2. **Return** — the return annotation must be `torch.Tensor`, `list[torch.Tensor]`, or `tuple[torch.Tensor, ...]` (with a concrete number of tuple members).

Violations raise `TypeError` (input/return annotations) or `ValueError` (parameter count mismatch) at construction time.

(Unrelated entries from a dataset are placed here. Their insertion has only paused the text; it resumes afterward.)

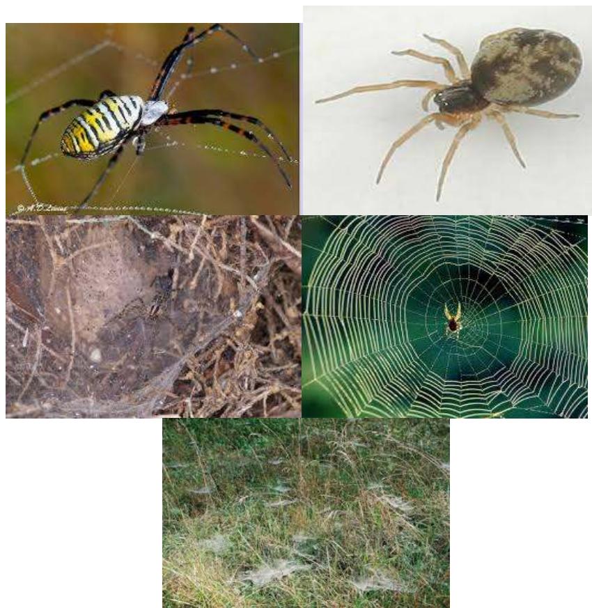
Fig. (2): Spider species and their webs
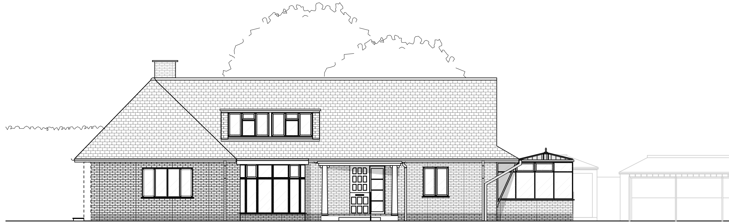
1 Existing South East Elevation Scale: 1:100
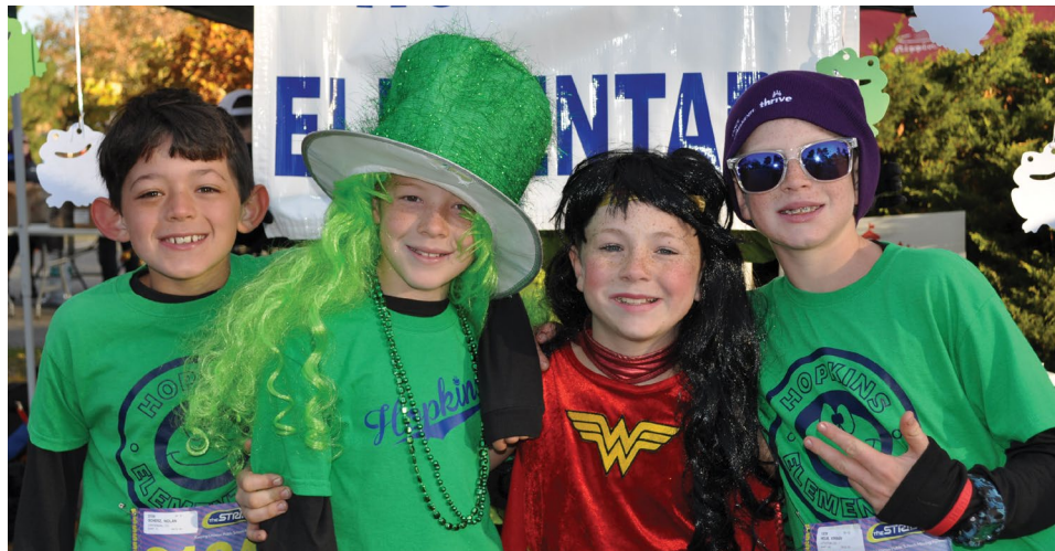
Students from Hopkins Elementary were proud to support their school at The Stride event last October. The 5k/10k run, hosted by the LPS Foundation, is a family focused event that raises funds for all LPS schools and is open to the public.

As Littleton Public Schools' fundraising partner, the LPS Foundation generates monetary resources and builds relationships in the community that enhance student experiences and successes in our neighborhood schools. Embracing another banner year, the LPS Foundation provided over $344,000 to LPS in support of innovative classroom grants and various high quality educational programs. Of particular impor-
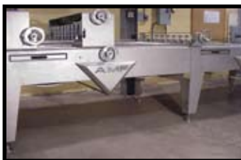
Clear Under Frame Design
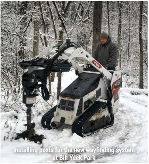
Installing posts for the new wayfinding system at Bill Yeck Park
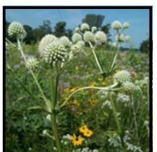
Rattlesnake Master: this unusual plant is part of the parsley family, categorized by round heads filled with tiny flowers and spiny edged leaves
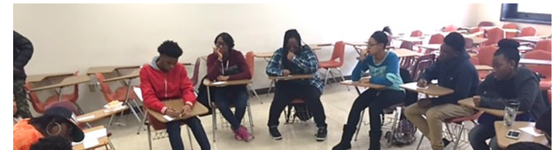
The HCC Upward Bound program partnered with the University of Maryland Baltimore County Upward Bound program for national TRIO Day on February 27th. Students gathered in small groups for a Peer Group Connection discussion, focusing on the meaning and history of TRIO Programs, learning from one another, as well as comparing UB experiences.

Program Website: www.hagerstowncc.edu/upwardbound
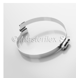
Car-Grip hose clamp, screwable
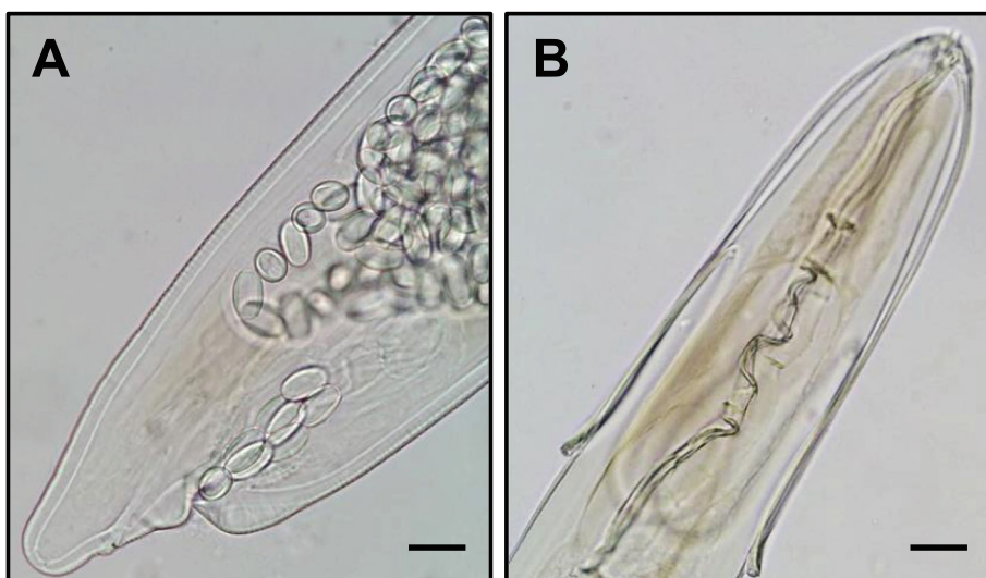
Fig. 2 Desportesius sagittatus female specimen. a: posterior end (scale bar: 34 \mu\text{m} ); b: anterior end (scale bar: 67.4 \mu\text{m} )

In what refers to nematodes, until the year 2015, only Austria, Czech Republic, Germany, Poland and Slovakia had information regarding helminth communities in storks [13]. The genus Desportesius (Nematoda: Acuarioidea) usually parasitizes birds of the order Ciconiiformes [17]. These nematodes occur under the gizzard lining [16], but nothing is known about their pathogenic effects on the hosts [14]. Desportesius sagittatus has also
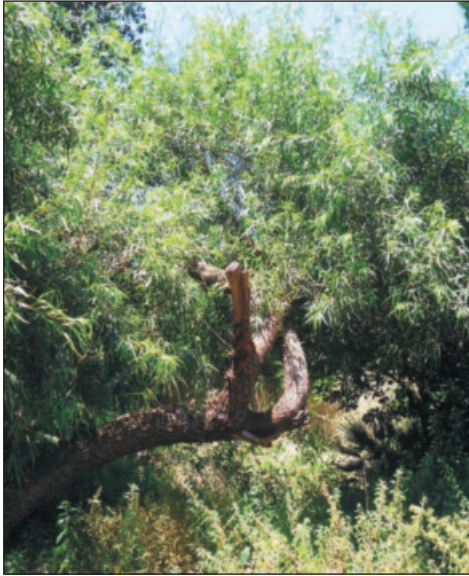
Fig. 5. The specimen of Rhus lancea unique in the historic Sicilian gardens.
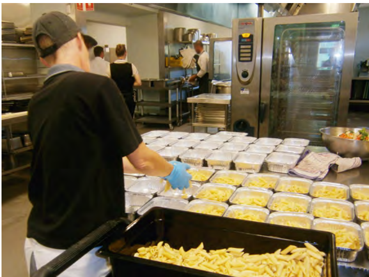
A prisoner prepares single portion meals
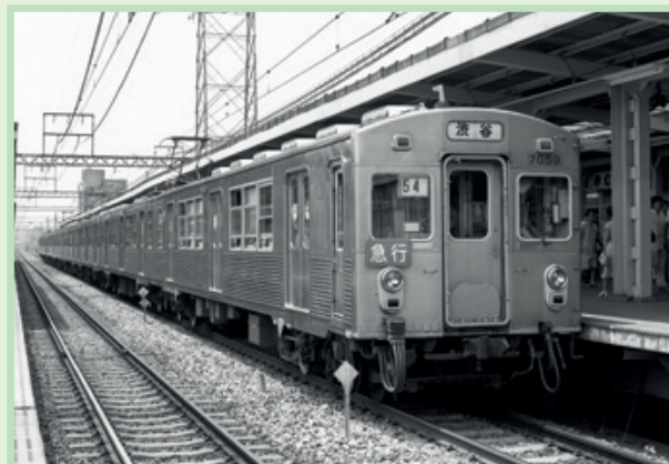
Japan's first all-stainless steel railcar (Tokyu's 7000-series)

Until the 1980s carbon steel was a popular choice for railcars due to its lower initial cost. However, extra manufacturing processes such as coating and shape-correction have increased both the initial cost and repair and maintenance charges.
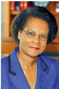
Mamphela Ramphela Former Managing Director of the World Bank, Former Vice-Chancellor of the University of Cape Town
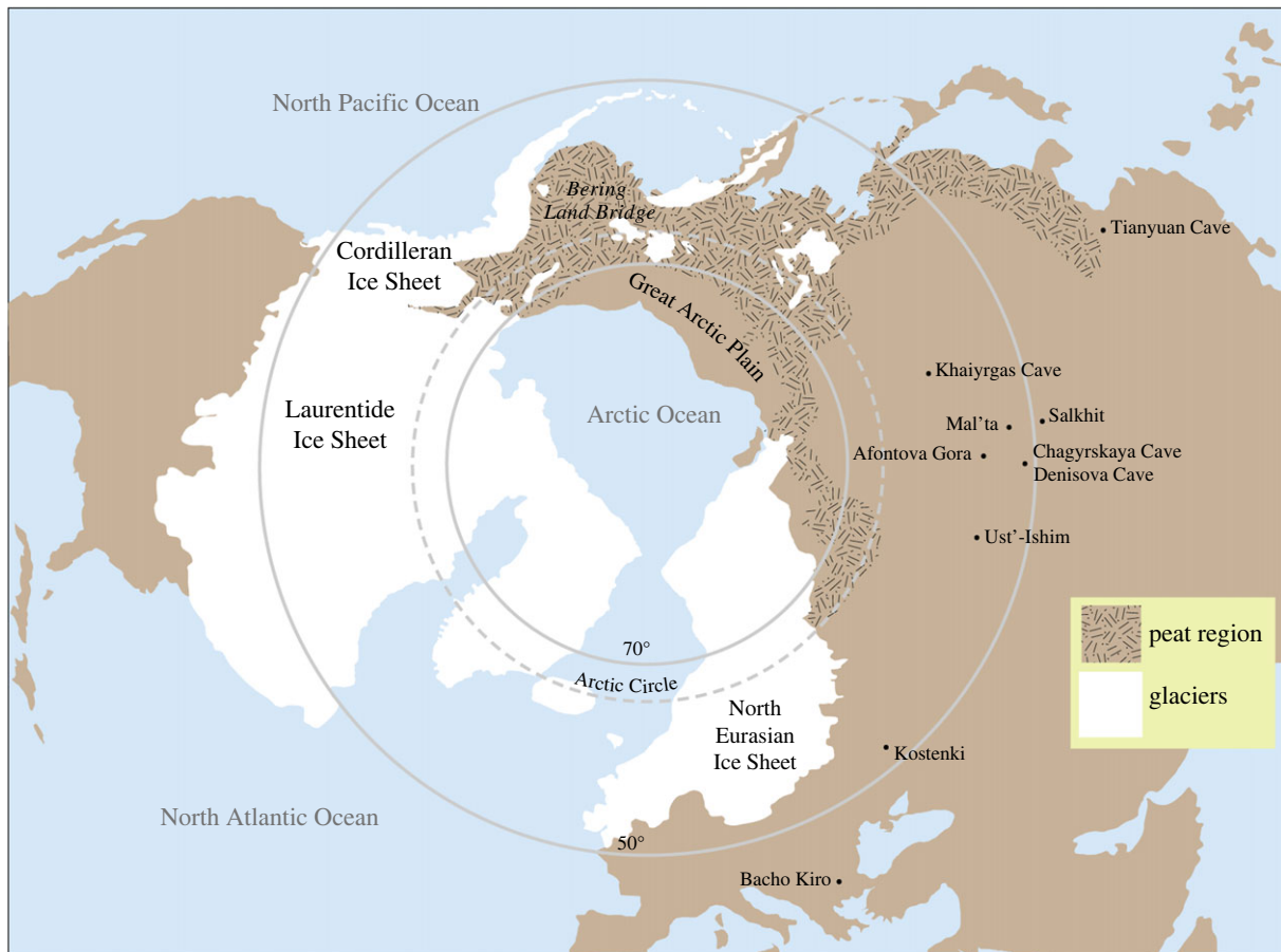
Figure 3. Glaciation in the Northern Hemisphere during the LGM, showing the extent of the peat region and location of sites in northern Eurasia mentioned in the text (adapted from Lindgren et al. fig. 1 [34]).

Pribilofs, was present. A seasonal resource in the form of migratory waterfowl, attracted to ponds and wetlands on the poorly drained BLB, also may have existed [35] (figure 3).
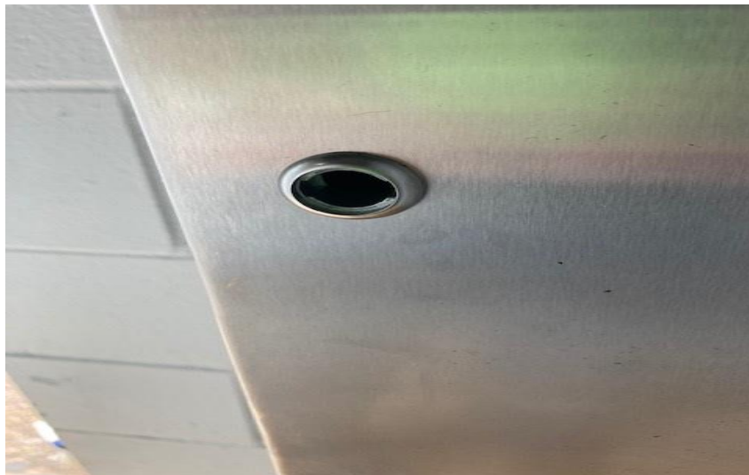
Bent Lock Paper Towel Dispenser Men's Farmers Market
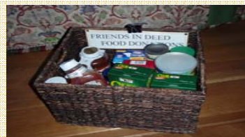
Items such as peanut butter, canned meats, and fish are most needed.

How can we respond? We can help if whenever we go to the grocery store we pick up items for the Friends In Deed Food Pantry, the food distribution branch of the Ecumenical Council of Pasadena Area Churches and bring these items to church on Ingathering Sunday. If each family at Ascension would bring one item, WE can make a significant difference in the lives of others.
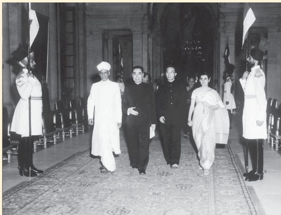
Premier Zhou Enlai arriving for the Banquet at Rashtrapati Bhavan with Dr. S. Radhakrishnan and Mrs. Indira Gandhi, June 26, 1954

Panchsheel as the principled core of the Non-Aligned Movement. Down the years, the ethos of Panchsheel continued to be reflected in world events even if there was no conscious attribution, finding expression in the position of the developing countries in the North-South dialogue, and in other groupings.

## Registering with the converter

`TorchMetalKernel` instances must be registered with the converter via `register_custom_kernels()` before `add_exported_program()`:

```python
converter = TorchConverter()
converter.register_custom_kernels([custom_add])
converter.add_exported_program(exported, ...)
```

See {doc}`TorchConverter` for `register_custom_kernels` details.

## Example

```python
import torch
from coreai_torch import TorchMetalKernel, MetalParameter


def torch_add(x: torch.Tensor, y: torch.Tensor) -> torch.Tensor:
    return x + y


custom_add = TorchMetalKernel(
    name="vector_add",
    input_names=["x", "y"],
    result_names=["output"],
    src="output[id] = x[id] + y[id];",
    torch_defn=torch_add,
    metal_params=[
        MetalParameter("id", "uint", "thread_position_in_grid"),
    ],
)
```

Use it inside an `nn.Module`:

```python
import torch.nn as nn


class AddModel(nn.Module):
    def forward(self, x: torch.Tensor, y: torch.Tensor) -> torch.Tensor:
        return custom_add(
            x,
            y,
            threads_per_grid=(x.shape[0], 1, 1),
            threads_per_thread_group=(1, 1, 1),
            result_shapes=[list(x.shape)],
        )
```

## Dtype templating

Use `template_dtypes` to write one kernel that compiles for multiple dtypes:

```python
custom_matmul = TorchMetalKernel(
    name="matmul",
    input_names=["A", "B"],
    result_names=["C"],
    src="""
        TYPE sum = 0.0f;
        ...
    """,
    torch_defn=torch_matmul,
    metal_params=[MetalParameter("gid", "uint2", "thread_position_in_grid")],
    # The dtype of input "A" determines what "TYPE" is replaced with at compile time.
    template_dtypes={"A": "TYPE"},
)
```

Every occurrence of `"TYPE"` in `src` is replaced with the Metal type matching the dtype of input `A` (e.g. `half`, `float`, `bfloat`).

## Multiple outputs

`torch_defn` may return a `list[torch.Tensor]` or `tuple[torch.Tensor, ...]`; supply one entry in `result_shapes` per output:

```python
def torch_sincos(x: torch.Tensor) -> list[torch.Tensor]:
    return [torch.sin(x), torch.cos(x)]


sincos = TorchMetalKernel(
    name="sincos",
    input_names=["x"],
    result_names=["out_sin", "out_cos"],
    src="out_sin[id] = sin(x[id]); out_cos[id] = cos(x[id]);",
    torch_defn=torch_sincos,
    metal_params=[MetalParameter("id", "uint", "thread_position_in_grid")],
)

# call site
results = sincos(
    x,
    threads_per_grid=(x.shape[0], 1, 1),
    threads_per_thread_group=(1, 1, 1),
    result_shapes=[list(x.shape), list(x.shape)],
)
```

## Notices

PyTorch is a trademark of Meta Platforms, Inc. Metal is a trademark of Apple Inc.